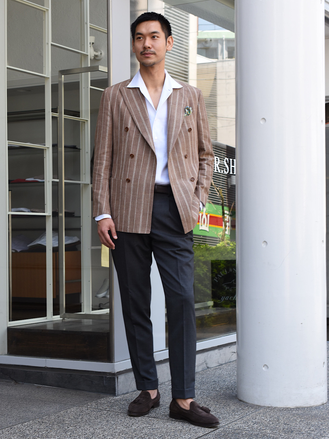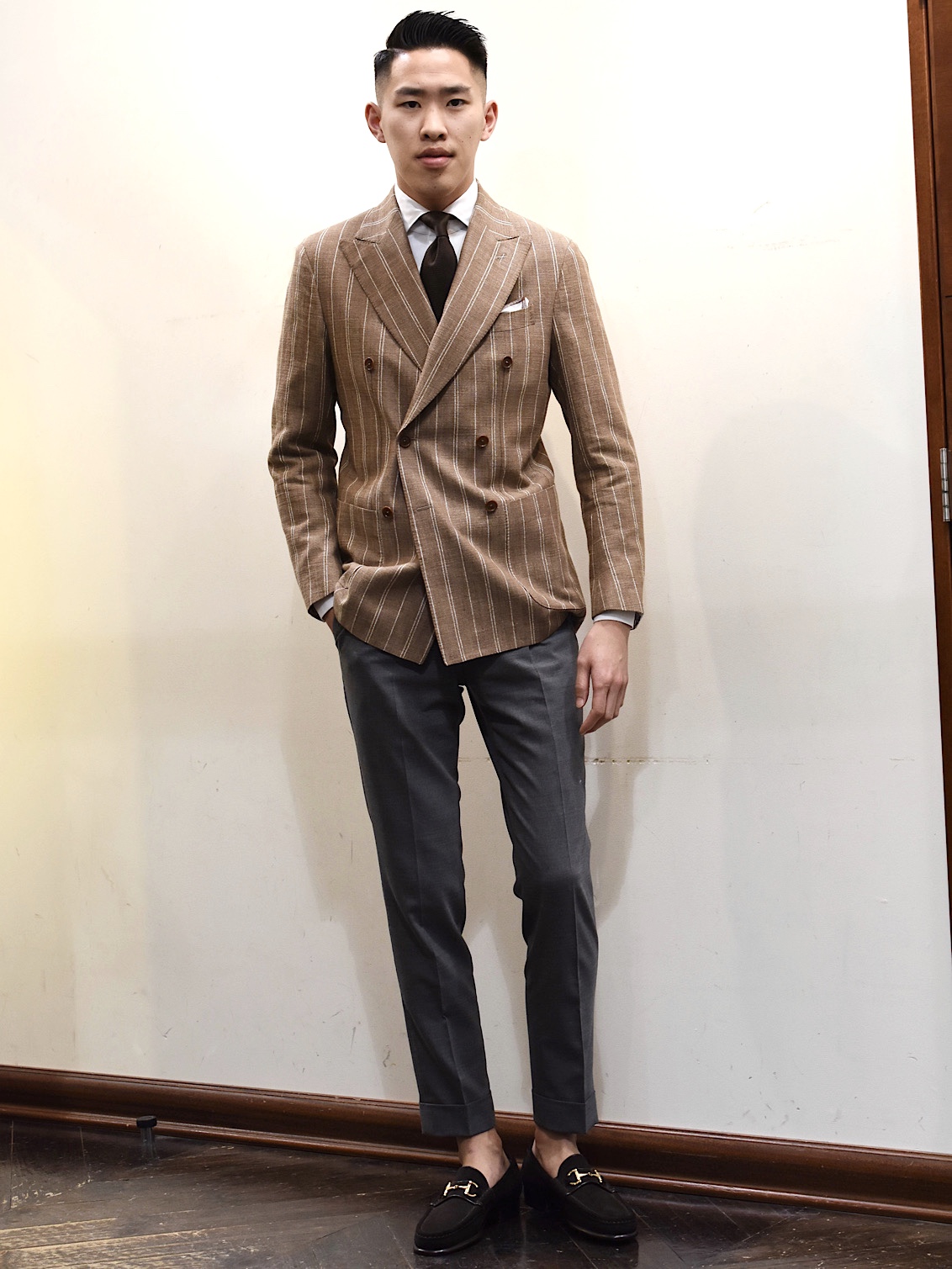 ・ジャケットのモデルはハーフキャンバス仕立て6つボタン2パッチポケットの"VESUVIO"です。ややワイドでほのかに丸みあるグラマラスなラペルが特徴。生地を多く使うという意味でダブルブレステッドはラグジュアリーな雰囲気を醸します。
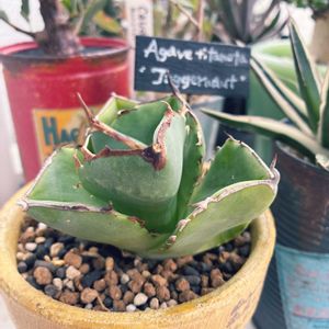 豪雨でずぶ濡れになった植物達 今日は、曇り☁️で風もあり 乾いてくれたかな🙄 すでに夏バテしてますが 涼しくてぐっすり眠れそう🥱 その前に📸を‥ 快気内祝いで届いた🪴 なんとアガベ チタノタ ジャガーノート君 肉厚の短葉が魅力的♡ かっこいい鉢に入ってお似合いです 2枚目は、身長の伸びを競ってるホワイトゴースト👻に 弟ラクテア君がやってきました 我が家は彼女のリメ缶がたくさん🥫 居心地良いから🍀みんな元気に育ってます♪ 健康第一❤️🩹回復を祈っています
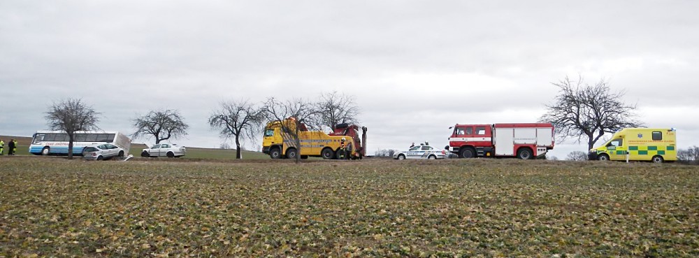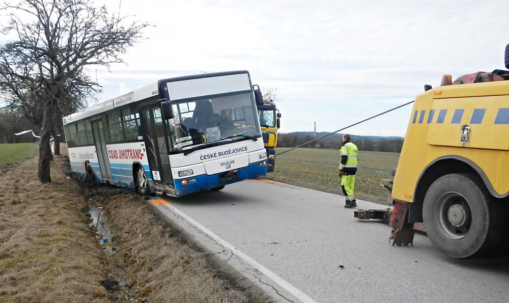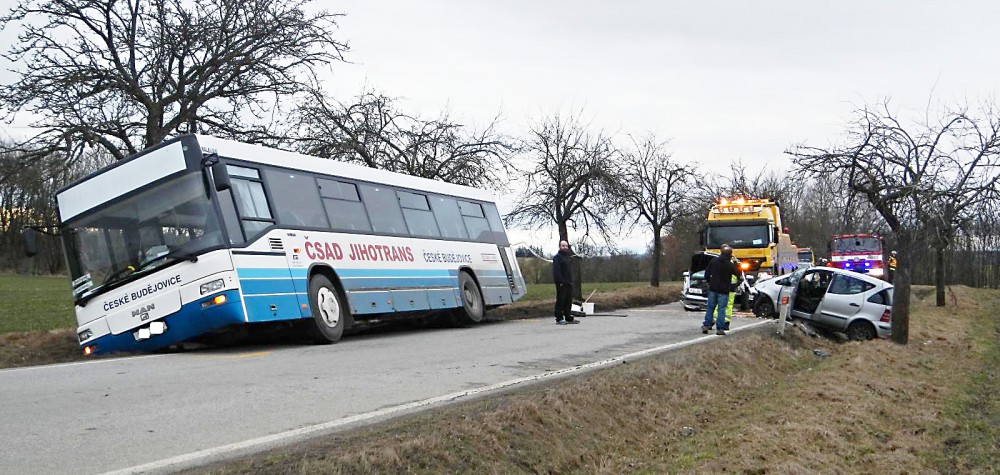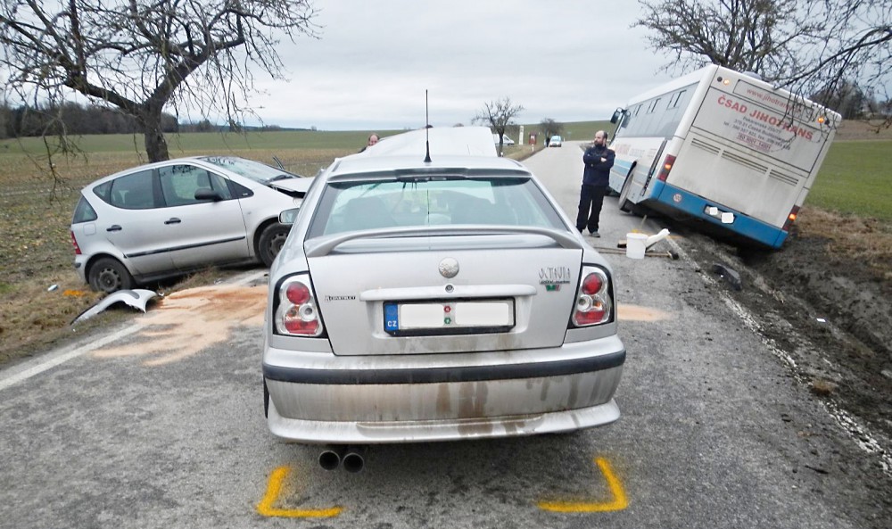 Dvě nehody na jednom místě. Nejdříve v Netěchovicích havaroval autobus, pak se tam srazila dvě osobní auta
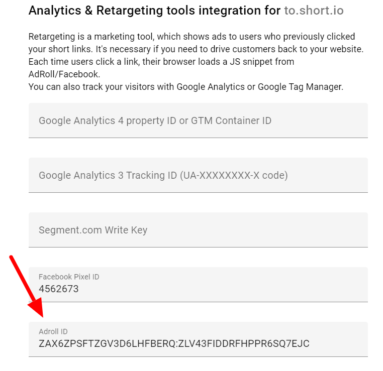 To connect AdRoll to Short.io, you don’t need to be a developer or know all about codes. The only thing you need to do is to input AdRoll Pixel IDs to Short.io settings.
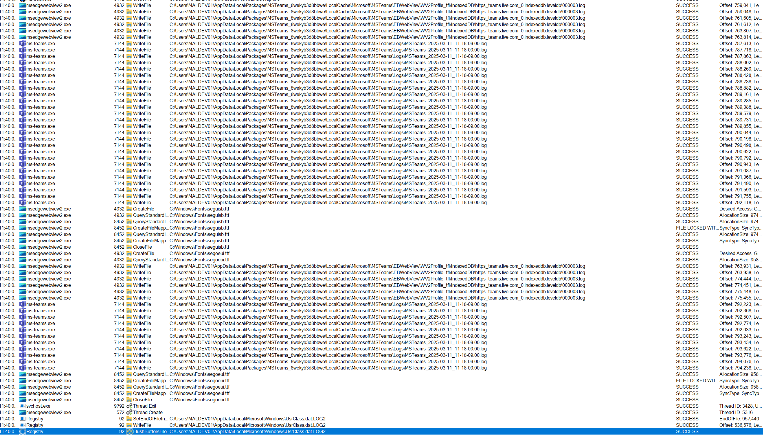 By monitoring msedgewebview2.exe, I confirmed that it was responsible for updating chat messages and other UI elements. The next step was to determine how to selectively halt message rendering without freezing the entire UI.
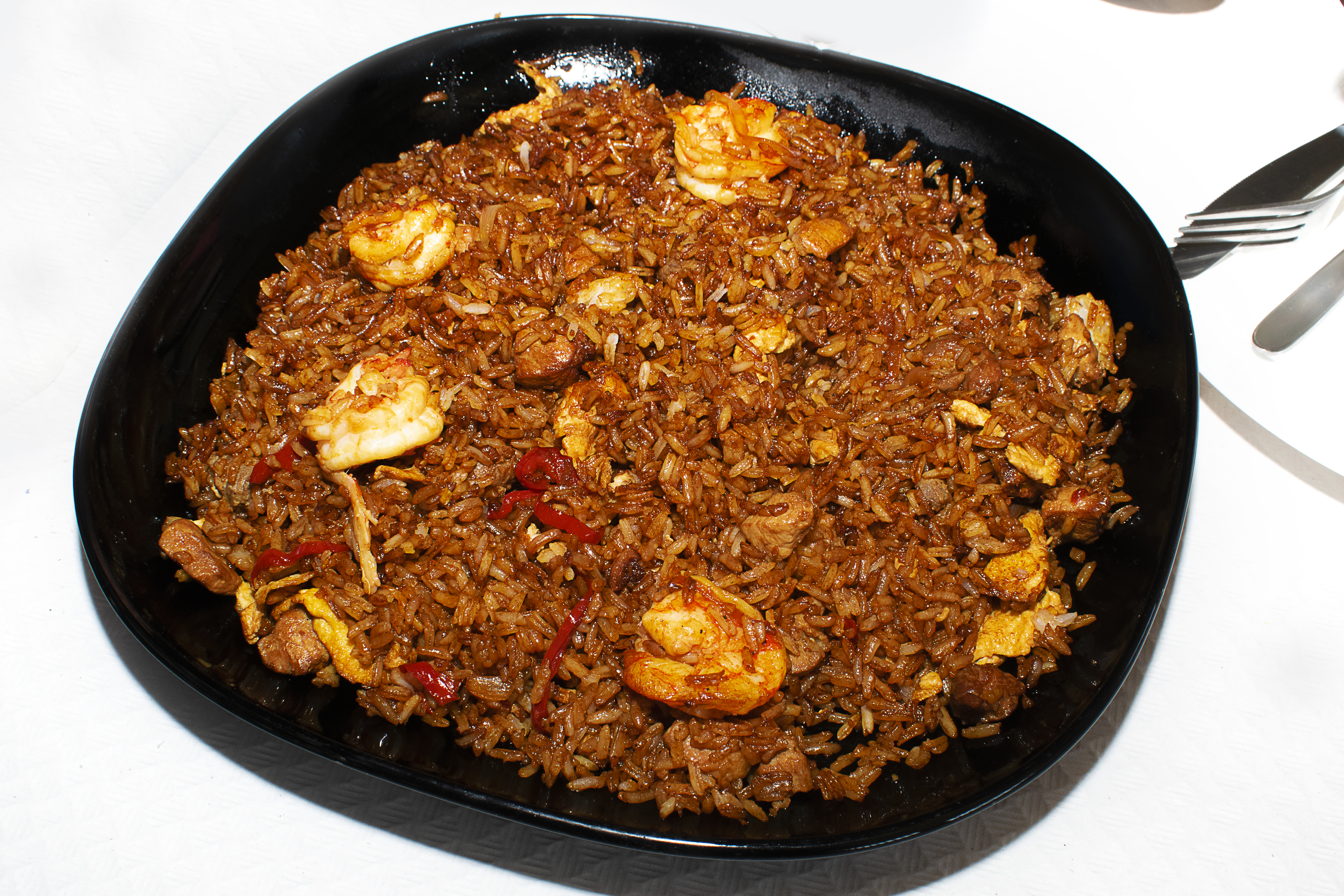 El arroz chino frito, o arroz tres delicias tiene varias versiones criollas, las más rica es la ecuatoriana. Preparado con pollo, cebolla, ajo, pimientos, zanahorias, huevos revueltos, pasas, especias y hierbas, es la fusión ideal de la cocina china y ecuatorina.
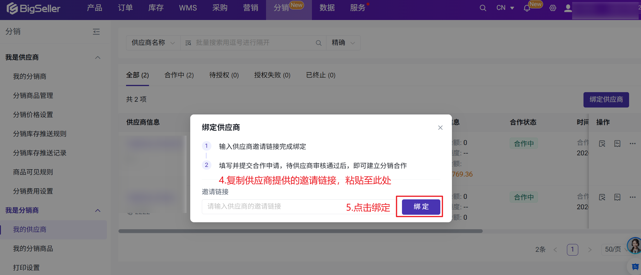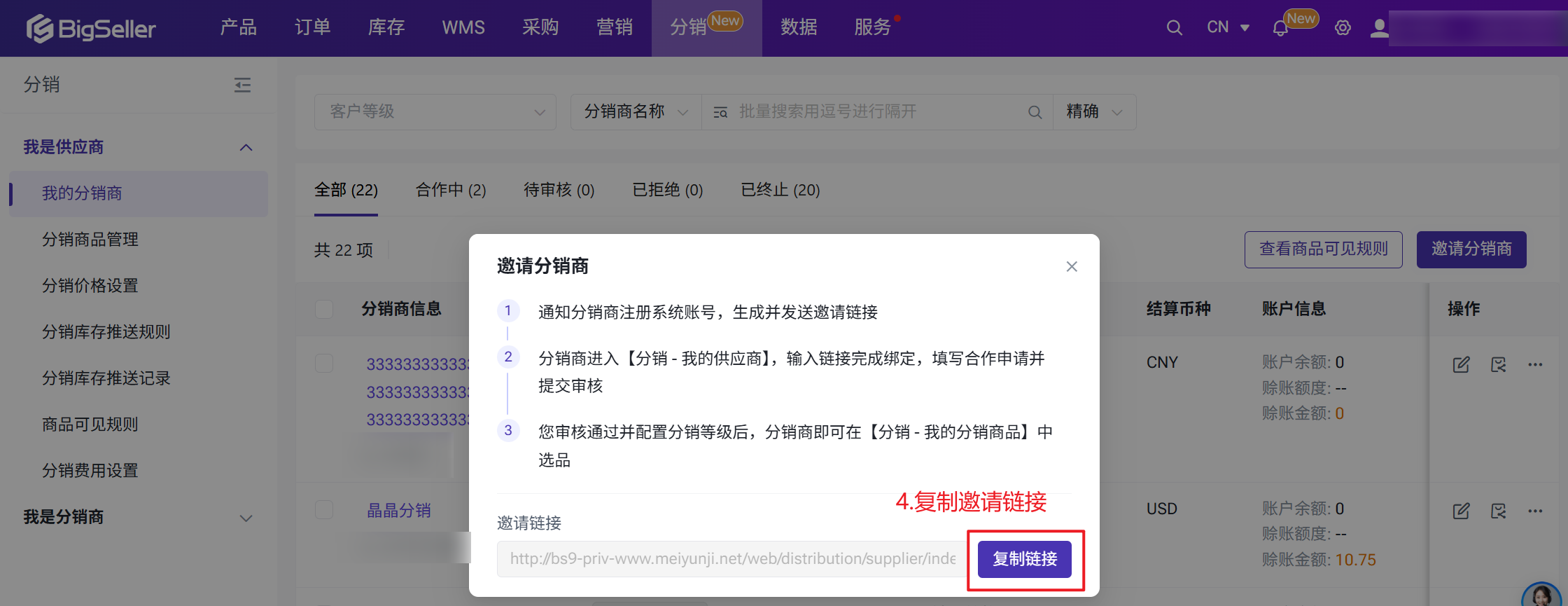 第二步:复制邀请链接 > 发送给分销商 > 分销商进入我的供应商页面填写邀请链接申请
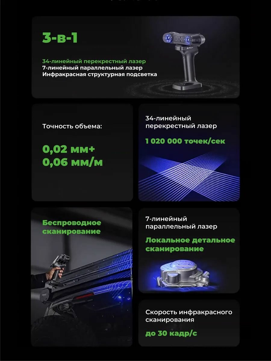 3D-сканер Creality RaptorX, портативный беспроводной сканер с метрологической точностью 0,02 мм, Промышленная синяя подсветка, Быстрый Wi-Fi 6: сравнение цен, характеристики, фото, актуальное наличие и цены.
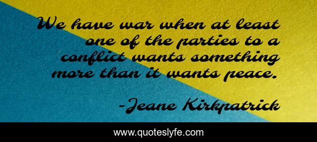 This page presents the quote "We have war when at least one of the parties to a conflict wants something more than it wants peace.". Author of this quote is Jeane Kirkpatrick. This quote is about peace, something, conflict,.
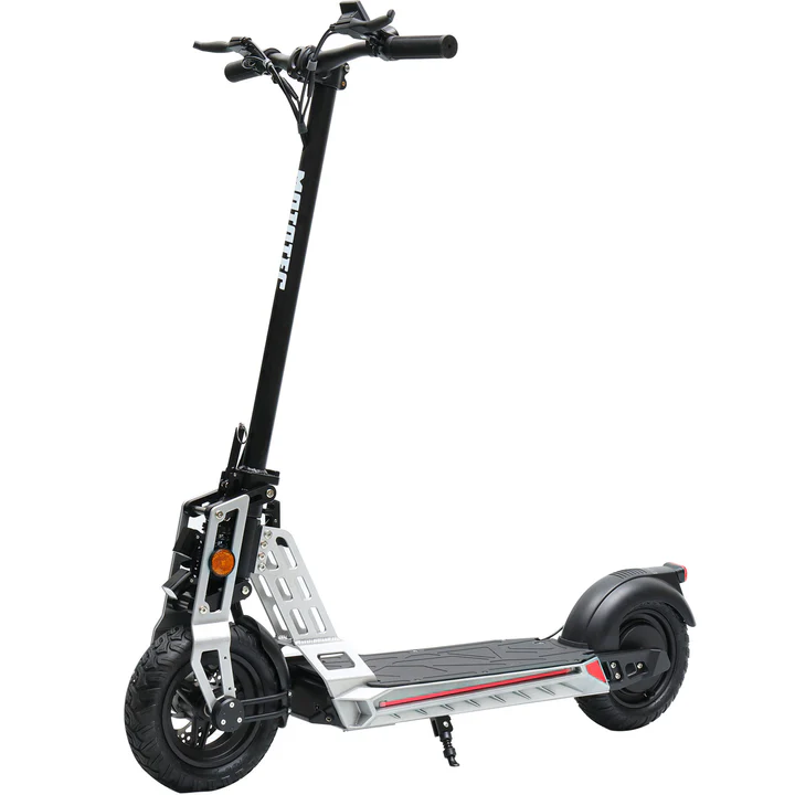Built to dominate any terrain, the MotoTec Free Ride Electric Scooter features all-terrain pneumatic tires that grip surfaces effortlessly for unmatched traction and control. Its heavy-duty steel frame ensures durability, while the dual suspension system absorbs shocks to keep every journey stable and comfortable. With front and rear disc brakes, riders enjoy superior stopping power, even in challenging conditions. The wide anti-slip deck enhances balance and confidence, allowing riders to stay secure and in command. This scooter isn’t just built to perform—it’s engineered to outlast, no matter where the road leads.
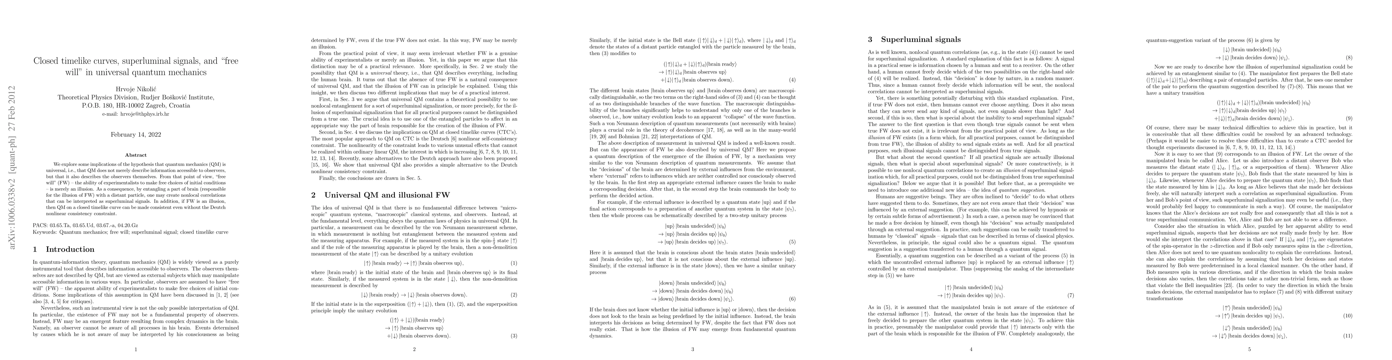 We explore some implications of the hypothesis that quantum mechanics (QM) is universal, i.e., that QM does not merely describe information accessible to observers, but that it also describes the observers themselves. From that point of view, "free will" (FW) - the ability of experimentalists to make free choices of initial conditions - is merely an illusion. As a consequence, by entangling a part of brain (responsible for the illusion of FW) with a distant particle, one may create nonlocal correlations that can be interpreted as superluminal signals. In addition, if FW is an illusion, then QM on a closed timelike curve can be made consistent even without the Deutch nonlinear consistency constraint.

### [Required work]
Starting at the line with "Built to dominate" and stopping at the final line of the material, reproduce each line exactly, both ends included. Leave the pictures out.

### [Solution for this exercise]
Built to dominate any terrain, the MotoTec Free Ride Electric Scooter features all-terrain pneumatic tires that grip surfaces effortlessly for unmatched traction and control. Its heavy-duty steel frame ensures durability, while the dual suspension system absorbs shocks to keep every journey stable and comfortable. With front and rear disc brakes, riders enjoy superior stopping power, even in challenging conditions. The wide anti-slip deck enhances balance and confidence, allowing riders to stay secure and in command. This scooter isn’t just built to perform—it’s engineered to outlast, no matter where the road leads.
 We explore some implications of the hypothesis that quantum mechanics (QM) is universal, i.e., that QM does not merely describe information accessible to observers, but that it also describes the observers themselves. From that point of view, "free will" (FW) - the ability of experimentalists to make free choices of initial conditions - is merely an illusion. As a consequence, by entangling a part of brain (responsible for the illusion of FW) with a distant particle, one may create nonlocal correlations that can be interpreted as superluminal signals. In addition, if FW is an illusion, then QM on a closed timelike curve can be made consistent even without the Deutch nonlinear consistency constraint.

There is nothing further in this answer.